Estimated Cost (Operation and Maintenance): $0.
IV. Public Participation--Submission of Comments on This Notice and
Internet Access to Comments and Submissions
You may submit comments in response to this document as follows:
(1) Electronically at http://www.regulations.gov, which is the Federal
eRulemaking Portal; (2) by facsimile (fax); or (3) by hard copy. All
comments, attachments, and other material must identify the Agency name
and the OSHA docket number for the ICR (Docket No. OSHA-2011-0033). You
may supplement electronic submissions by uploading document files
electronically.
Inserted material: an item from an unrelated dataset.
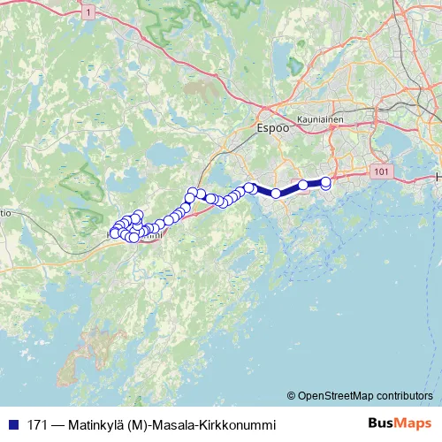 The first stop of the 171 bus route is Matinkylä (M) and the last stop is Kirkkonummi mk. 171 (Matinkylä (M)-Masala-Kirkkonummi) is operational during joka päivä.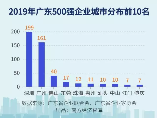 在這份榜單中,500家入選企業(yè)分布于廣東19個城市。其中,超過九成來自珠三角城市,前10強(qiáng)企業(yè)來自廣州、深圳、佛山三市,2018年營業(yè)收入超過1千億的21家企業(yè)同樣來自珠三角,其中深圳11家,廣州6家,佛山2家,珠海和惠州各有1家。

If you wish to mail additional materials in reference
to an electronic or facsimile submission, you must submit them to the
OSHA Docket Office (see the section of this notice titled ADDRESSES).
The additional materials must clearly identify your electronic comments
by your name, date, and the docket number so the Agency can attach them
to your comments.
Because of security procedures, the use of regular mail may cause a
significant delay in the receipt of comments. For information about
security procedures concerning the delivery of materials by hand,
express delivery, messenger, or courier service, please contact the
OSHA Docket Office at (202) 693-2350, (TTY (877) 889-5627).
Comments and submissions are posted without change at http://www.regulations.gov.
Therefore, OSHA cautions commenters about submitting
personal information such as social security numbers and
date of birth. Although all submissions are listed in the http://www.regulations.gov index,
some information (e.g., copyrighted material) is not
publicly available to read or download through this Web site.
All submissions, including copyrighted material, are
available for inspection and copying at the OSHA Docket Office.
Information on using the http://www.regulations.gov Web site to submit
comments and access the docket is available at the Web site's "User
Tips" link. Contact the OSHA Docket Office for information about
materials not available through the Web site, and for assistance in
using the Internet to locate docket submissions.
V. Authority and Signature
David Michaels, PhD, MPH, Assistant Secretary of Labor for
Occupational Safety and Health, directed the preparation of this
notice. The authority for this notice is the Paperwork Reduction Act of
1995 (44 U.S.C. 3506 et seq.) and Secretary of Labor's Order No. 4-2010
(75 FR 55355).
Signed at Washington, DC, on February 10, 2011.
Assistant Secretary of Labor for Occupational Safety and Health.